今回みたいな緊急時にも助け合えるし、ひとりじゃないという安心感も得られる。苦手な虫がいたら助けてもらえるし、飛行機について語り合えたりもする。

 もちろん愛し合った人とするのが一番に決まっている。でも、天澤さんなら一緒に生活してもなんだかんだうまくやっていけるんじゃないかと、なぜか漠然とした期待もあるのだ。

 私の意見を聞いた彼は、伏し目がちになって「メリットねぇ……」と呟いた。考えを巡らせている様子だが、その表情にはどことなく冷ややかな陰がある。

 妙に気になったものの、それは一瞬のことで、次に視線を上げたときにはいつも通りの余裕な顔に戻っていた。

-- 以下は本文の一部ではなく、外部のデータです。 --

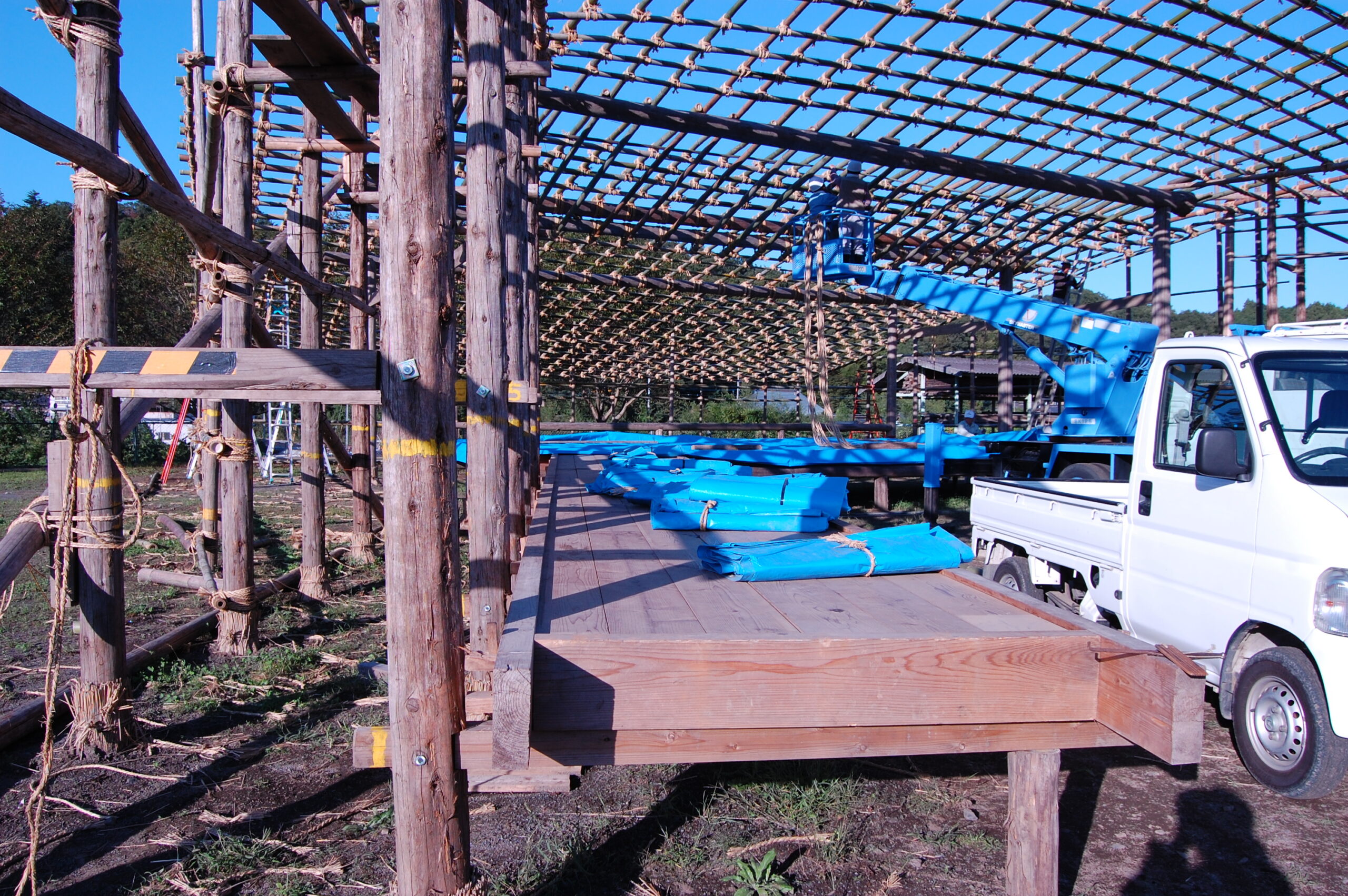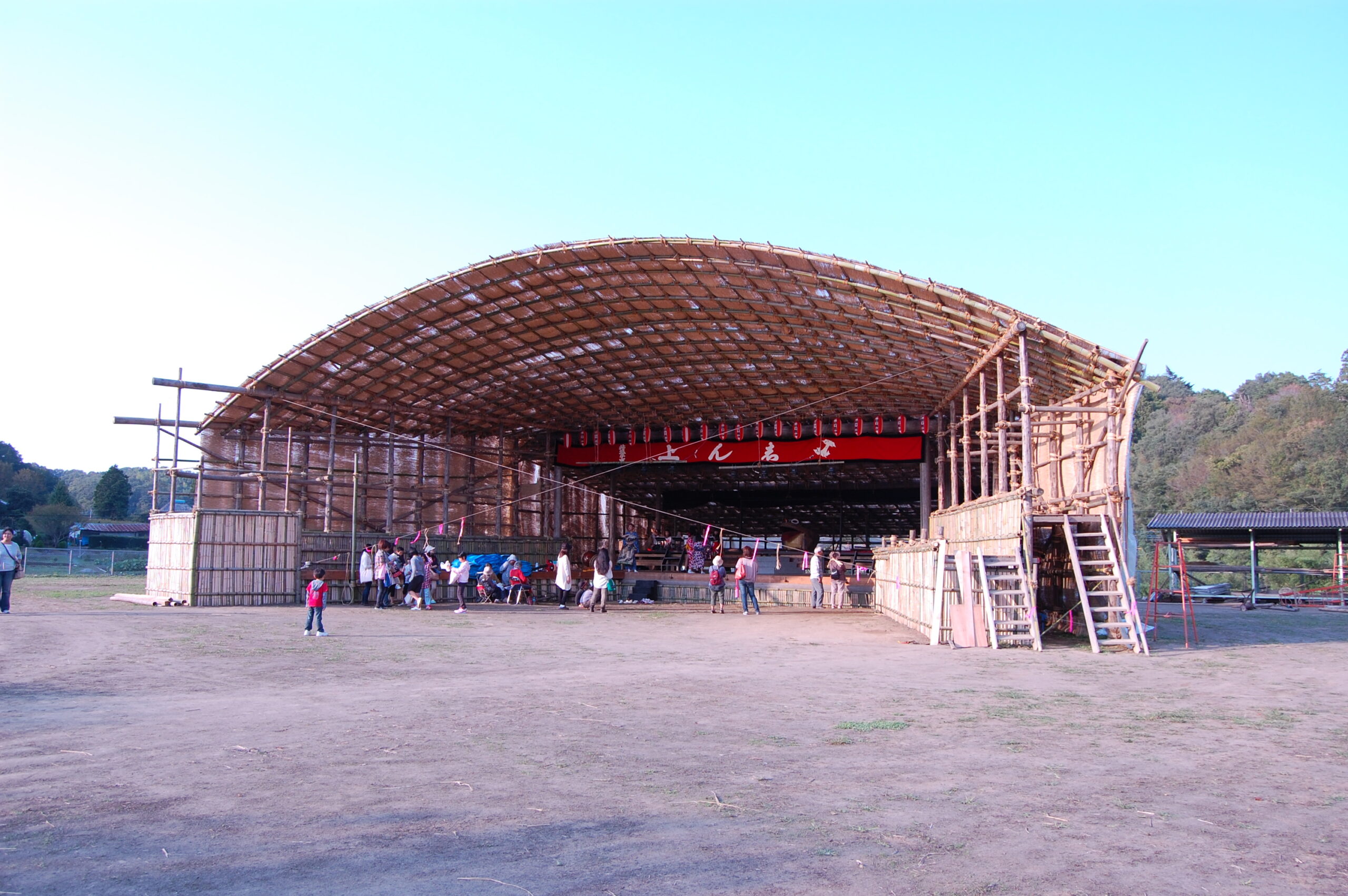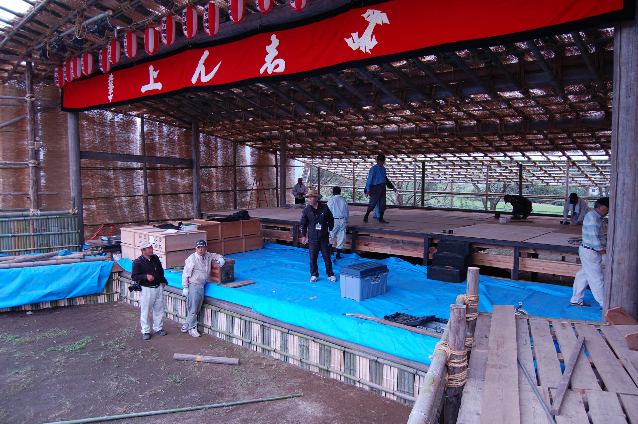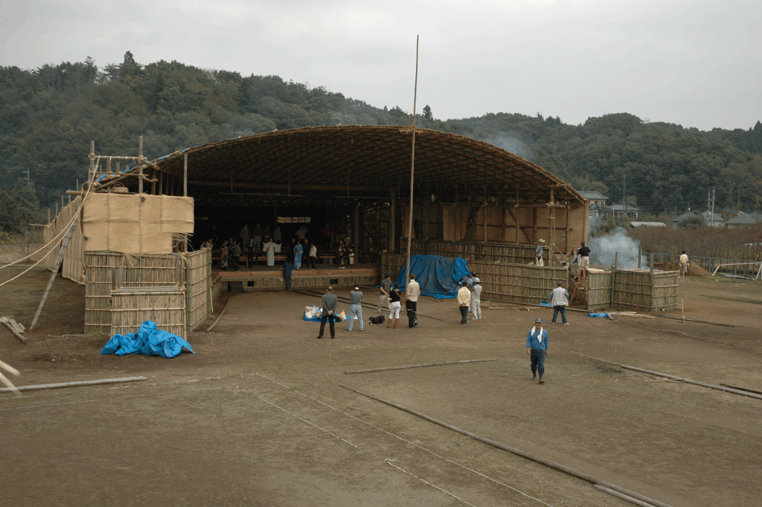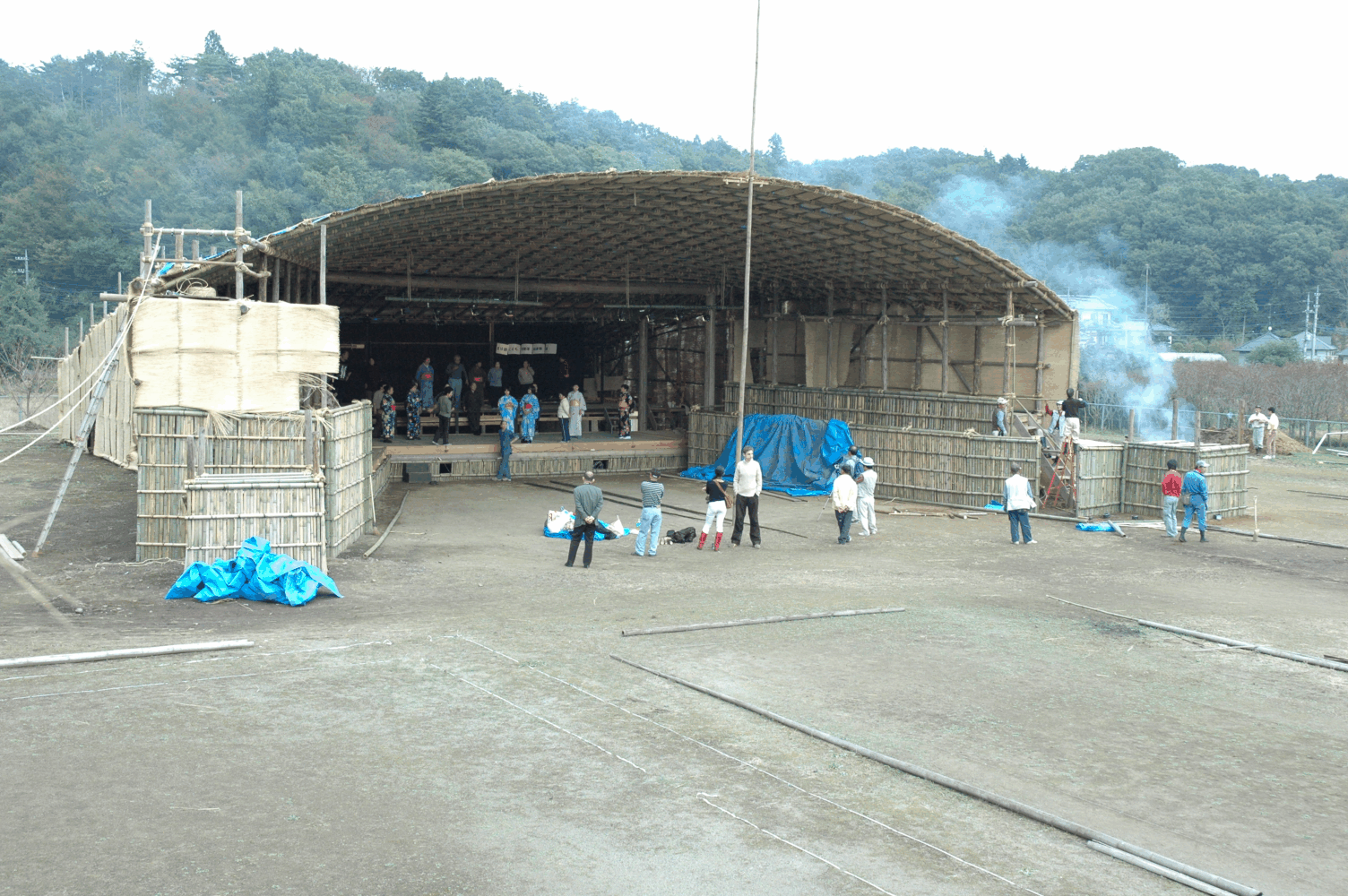「西塩子(にししおご)の回り舞台」(茨城県有形民俗文化財指定)とは、ここ茨城の小さな里山~茨城県常陸大宮市西塩子地区で、200年ものあいだ受け継がれてきた、現存する日本最古の“組立式農村歌舞伎舞台”です。「回り舞台」を有し、大がかりな舞台ながらも「組立式」。公演後にはなんと潔く取り壊されて更地に戻されます。

「蒼麻にそこまでの度胸があるとは思わなかったよ。冗談言って悪かったな」


 ああなんだ、やっぱりさっきの話は冗談だったのか。そりゃあそうだよね。

 私は少しほっとして、もしかしたらもっと軽い条件で居候させてもらえるかもしれないと、期待を込めた明るい瞳で彼を見つめる。


「じゃあ──」
「俺も本気になってもう一度言わせてもらう。結婚しよう」


 真剣さが窺える彼の口から出たのは、響きだけは甘いひと言。脳が混乱して「へっ!?」とすっとんきょうな声を上げてしまった。

 今度は本当に本気なのかと開いた口が塞がらない私に、天澤さんは含みのある笑みをわずかに浮かべる。